::: ENTRIES SUPPLIED :::
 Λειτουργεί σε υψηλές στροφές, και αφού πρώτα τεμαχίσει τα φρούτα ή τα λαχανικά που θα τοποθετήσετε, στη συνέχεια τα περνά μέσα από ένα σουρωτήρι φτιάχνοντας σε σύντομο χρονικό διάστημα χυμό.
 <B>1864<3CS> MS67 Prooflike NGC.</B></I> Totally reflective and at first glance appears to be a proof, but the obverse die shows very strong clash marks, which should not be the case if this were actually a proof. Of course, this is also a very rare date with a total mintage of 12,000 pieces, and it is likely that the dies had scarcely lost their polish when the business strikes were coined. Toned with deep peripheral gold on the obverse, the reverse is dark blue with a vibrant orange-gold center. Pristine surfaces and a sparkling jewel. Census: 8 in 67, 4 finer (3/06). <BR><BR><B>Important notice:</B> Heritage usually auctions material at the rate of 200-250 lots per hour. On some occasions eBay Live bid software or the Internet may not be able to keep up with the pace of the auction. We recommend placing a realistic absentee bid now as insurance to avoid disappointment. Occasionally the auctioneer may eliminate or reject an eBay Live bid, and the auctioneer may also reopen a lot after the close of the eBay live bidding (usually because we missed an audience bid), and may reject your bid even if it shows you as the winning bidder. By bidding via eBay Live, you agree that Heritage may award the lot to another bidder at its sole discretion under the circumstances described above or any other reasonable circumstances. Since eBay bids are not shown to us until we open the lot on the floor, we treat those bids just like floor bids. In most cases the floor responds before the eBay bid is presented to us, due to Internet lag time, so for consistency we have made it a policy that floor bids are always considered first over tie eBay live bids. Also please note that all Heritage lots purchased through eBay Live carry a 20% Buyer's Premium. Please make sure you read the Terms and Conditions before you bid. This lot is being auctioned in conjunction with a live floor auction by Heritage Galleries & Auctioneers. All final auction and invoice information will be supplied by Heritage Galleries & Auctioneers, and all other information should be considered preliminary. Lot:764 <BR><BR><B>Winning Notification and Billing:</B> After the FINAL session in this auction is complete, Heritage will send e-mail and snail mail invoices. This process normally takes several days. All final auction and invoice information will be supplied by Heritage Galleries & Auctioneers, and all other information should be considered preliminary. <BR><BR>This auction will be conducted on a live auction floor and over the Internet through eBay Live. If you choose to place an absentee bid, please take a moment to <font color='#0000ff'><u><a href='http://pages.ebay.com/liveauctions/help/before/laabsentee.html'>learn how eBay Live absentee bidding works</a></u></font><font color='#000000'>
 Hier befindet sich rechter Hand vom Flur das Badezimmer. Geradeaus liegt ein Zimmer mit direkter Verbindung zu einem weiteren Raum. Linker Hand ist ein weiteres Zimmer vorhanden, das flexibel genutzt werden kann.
:::
::: ENTRIES SUPPLIED :::
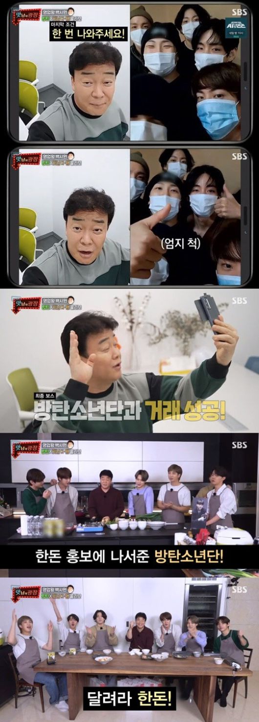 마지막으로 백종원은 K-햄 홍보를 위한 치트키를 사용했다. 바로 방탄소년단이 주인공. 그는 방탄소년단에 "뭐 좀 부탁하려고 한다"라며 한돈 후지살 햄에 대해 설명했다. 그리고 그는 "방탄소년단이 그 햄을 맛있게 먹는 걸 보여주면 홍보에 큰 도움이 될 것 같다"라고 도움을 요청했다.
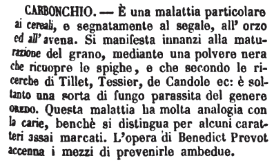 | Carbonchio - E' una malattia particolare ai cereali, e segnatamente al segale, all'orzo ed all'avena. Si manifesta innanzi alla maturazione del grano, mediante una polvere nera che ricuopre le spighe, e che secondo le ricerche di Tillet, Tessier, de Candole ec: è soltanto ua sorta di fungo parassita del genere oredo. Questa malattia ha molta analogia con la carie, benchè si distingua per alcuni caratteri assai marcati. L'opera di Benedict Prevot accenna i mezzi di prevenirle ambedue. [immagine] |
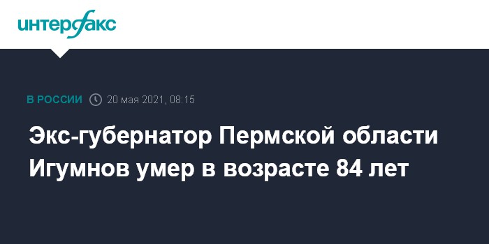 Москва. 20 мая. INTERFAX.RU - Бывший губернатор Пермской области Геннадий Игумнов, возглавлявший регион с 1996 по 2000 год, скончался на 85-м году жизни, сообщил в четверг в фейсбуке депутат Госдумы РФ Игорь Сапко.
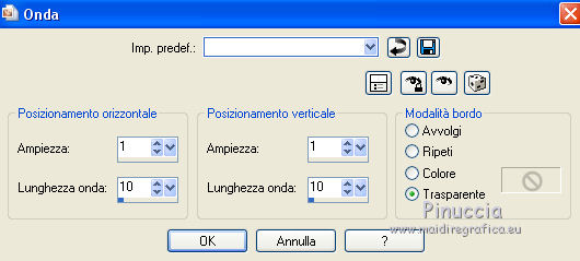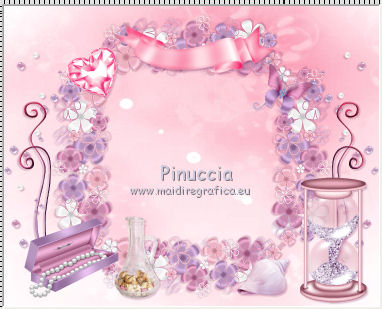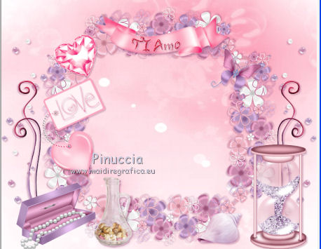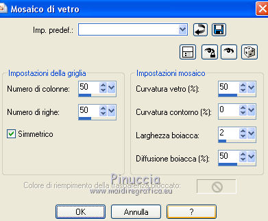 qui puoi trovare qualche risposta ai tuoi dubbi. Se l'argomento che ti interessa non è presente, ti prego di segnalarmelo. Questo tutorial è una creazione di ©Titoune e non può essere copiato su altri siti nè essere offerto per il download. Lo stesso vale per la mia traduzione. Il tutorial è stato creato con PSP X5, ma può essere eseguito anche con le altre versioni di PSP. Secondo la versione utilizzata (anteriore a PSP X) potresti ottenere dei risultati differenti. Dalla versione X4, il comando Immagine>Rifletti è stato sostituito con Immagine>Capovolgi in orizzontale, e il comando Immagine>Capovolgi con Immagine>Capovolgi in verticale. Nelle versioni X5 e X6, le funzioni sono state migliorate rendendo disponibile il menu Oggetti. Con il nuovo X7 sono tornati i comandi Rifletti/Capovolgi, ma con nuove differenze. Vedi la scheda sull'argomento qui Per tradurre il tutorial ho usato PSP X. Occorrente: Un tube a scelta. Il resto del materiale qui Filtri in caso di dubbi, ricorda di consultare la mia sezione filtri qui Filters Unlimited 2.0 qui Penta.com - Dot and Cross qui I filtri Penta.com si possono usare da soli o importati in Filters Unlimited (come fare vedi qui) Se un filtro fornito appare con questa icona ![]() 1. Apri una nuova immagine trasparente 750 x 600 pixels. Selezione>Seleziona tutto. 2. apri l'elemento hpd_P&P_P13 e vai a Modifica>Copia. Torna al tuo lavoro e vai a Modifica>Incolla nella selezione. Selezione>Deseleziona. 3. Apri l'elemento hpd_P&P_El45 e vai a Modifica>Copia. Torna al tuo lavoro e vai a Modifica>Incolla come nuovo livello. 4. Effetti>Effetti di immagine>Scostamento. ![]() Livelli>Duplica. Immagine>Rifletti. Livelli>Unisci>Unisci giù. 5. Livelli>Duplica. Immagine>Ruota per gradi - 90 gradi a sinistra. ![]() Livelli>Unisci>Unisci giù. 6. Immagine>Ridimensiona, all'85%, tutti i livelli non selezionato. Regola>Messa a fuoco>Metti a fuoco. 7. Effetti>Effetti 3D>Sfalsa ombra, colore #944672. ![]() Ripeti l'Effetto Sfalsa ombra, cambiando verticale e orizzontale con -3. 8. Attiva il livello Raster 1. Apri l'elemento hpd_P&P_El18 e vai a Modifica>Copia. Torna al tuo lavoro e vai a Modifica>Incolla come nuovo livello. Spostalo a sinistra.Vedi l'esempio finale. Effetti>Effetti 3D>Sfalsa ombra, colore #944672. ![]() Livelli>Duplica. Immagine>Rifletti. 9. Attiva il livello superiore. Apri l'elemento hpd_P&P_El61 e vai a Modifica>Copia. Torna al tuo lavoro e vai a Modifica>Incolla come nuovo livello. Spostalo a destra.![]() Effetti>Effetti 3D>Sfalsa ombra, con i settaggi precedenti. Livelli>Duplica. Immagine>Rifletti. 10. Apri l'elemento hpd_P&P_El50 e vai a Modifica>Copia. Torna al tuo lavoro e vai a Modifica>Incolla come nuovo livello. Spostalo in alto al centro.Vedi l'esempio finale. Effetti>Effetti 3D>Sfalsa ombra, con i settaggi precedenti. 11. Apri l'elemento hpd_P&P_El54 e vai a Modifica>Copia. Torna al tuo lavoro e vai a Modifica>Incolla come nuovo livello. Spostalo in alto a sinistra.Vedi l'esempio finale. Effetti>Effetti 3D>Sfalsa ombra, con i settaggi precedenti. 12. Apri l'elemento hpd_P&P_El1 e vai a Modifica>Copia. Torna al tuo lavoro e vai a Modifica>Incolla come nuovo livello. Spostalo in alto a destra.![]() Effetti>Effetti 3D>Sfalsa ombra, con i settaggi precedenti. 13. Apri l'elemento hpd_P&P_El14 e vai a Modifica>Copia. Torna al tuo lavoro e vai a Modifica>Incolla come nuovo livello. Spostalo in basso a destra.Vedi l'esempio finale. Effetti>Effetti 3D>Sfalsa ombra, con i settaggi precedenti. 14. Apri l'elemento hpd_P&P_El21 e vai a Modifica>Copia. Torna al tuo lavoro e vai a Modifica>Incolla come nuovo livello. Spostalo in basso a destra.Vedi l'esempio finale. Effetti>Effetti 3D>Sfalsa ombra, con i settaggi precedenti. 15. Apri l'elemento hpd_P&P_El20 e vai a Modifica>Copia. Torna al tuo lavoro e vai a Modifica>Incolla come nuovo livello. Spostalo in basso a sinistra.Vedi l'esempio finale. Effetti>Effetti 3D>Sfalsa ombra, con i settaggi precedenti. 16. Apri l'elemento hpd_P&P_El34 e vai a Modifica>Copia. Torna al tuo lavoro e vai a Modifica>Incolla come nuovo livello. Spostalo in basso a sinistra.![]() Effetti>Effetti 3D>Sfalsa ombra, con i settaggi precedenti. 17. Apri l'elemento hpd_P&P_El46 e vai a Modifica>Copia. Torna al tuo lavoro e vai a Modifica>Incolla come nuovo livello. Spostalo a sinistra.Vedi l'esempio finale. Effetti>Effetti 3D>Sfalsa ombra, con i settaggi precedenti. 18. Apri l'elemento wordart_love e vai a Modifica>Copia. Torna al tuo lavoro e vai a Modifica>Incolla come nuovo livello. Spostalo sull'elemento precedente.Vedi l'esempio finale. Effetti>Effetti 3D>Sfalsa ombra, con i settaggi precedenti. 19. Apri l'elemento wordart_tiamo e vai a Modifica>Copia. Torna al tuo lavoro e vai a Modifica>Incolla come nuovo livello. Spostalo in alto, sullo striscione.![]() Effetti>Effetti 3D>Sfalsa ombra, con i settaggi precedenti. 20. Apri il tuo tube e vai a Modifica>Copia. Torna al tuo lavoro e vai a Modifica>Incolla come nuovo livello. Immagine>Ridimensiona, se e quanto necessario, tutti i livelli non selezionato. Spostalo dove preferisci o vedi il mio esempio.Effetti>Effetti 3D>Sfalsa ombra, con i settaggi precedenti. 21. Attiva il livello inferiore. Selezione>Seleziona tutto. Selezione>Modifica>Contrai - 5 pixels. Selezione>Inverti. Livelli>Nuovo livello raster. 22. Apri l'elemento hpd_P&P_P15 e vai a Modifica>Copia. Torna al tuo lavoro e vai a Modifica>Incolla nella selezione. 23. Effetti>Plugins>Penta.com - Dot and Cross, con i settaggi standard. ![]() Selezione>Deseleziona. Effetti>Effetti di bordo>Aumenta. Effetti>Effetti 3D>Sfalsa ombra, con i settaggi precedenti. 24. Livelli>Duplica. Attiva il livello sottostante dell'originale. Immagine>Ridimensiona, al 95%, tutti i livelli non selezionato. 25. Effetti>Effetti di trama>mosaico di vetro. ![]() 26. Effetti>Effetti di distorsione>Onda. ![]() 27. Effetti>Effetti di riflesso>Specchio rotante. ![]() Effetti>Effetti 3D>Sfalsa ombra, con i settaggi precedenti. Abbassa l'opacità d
:::
::: ENTRIES SUPPLIED :::
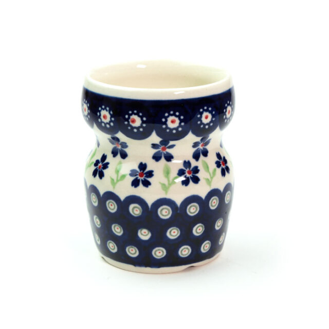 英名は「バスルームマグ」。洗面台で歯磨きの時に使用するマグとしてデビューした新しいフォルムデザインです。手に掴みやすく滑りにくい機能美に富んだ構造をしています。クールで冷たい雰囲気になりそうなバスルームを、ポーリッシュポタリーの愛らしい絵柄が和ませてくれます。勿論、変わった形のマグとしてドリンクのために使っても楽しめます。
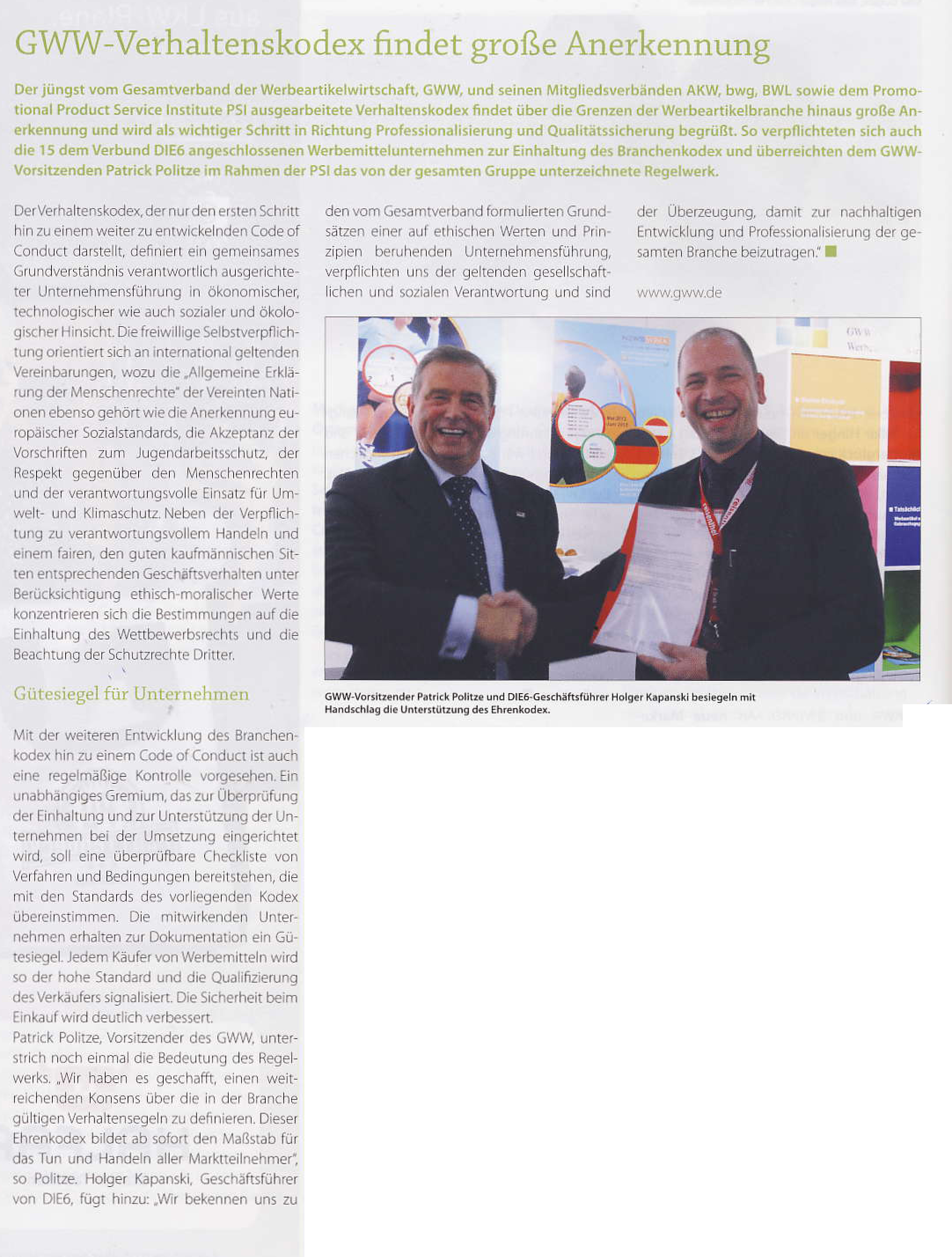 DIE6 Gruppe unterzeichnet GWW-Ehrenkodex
:::
# PROBLEM TO WORK ON
Print exactly the lines above that run from the one with "英名は「バスルームマグ」。洗" down to the one with "DIE6 Gruppe unterzeichnet GWW-Ehrenkodex", and omit the pictures.

# PROBLEM SOLUTION
 英名は「バスルームマグ」。洗面台で歯磨きの時に使用するマグとしてデビューした新しいフォルムデザインです。手に掴みやすく滑りにくい機能美に富んだ構造をしています。クールで冷たい雰囲気になりそうなバスルームを、ポーリッシュポタリーの愛らしい絵柄が和ませてくれます。勿論、変わった形のマグとしてドリンクのために使っても楽しめます。
 DIE6 Gruppe unterzeichnet GWW-Ehrenkodex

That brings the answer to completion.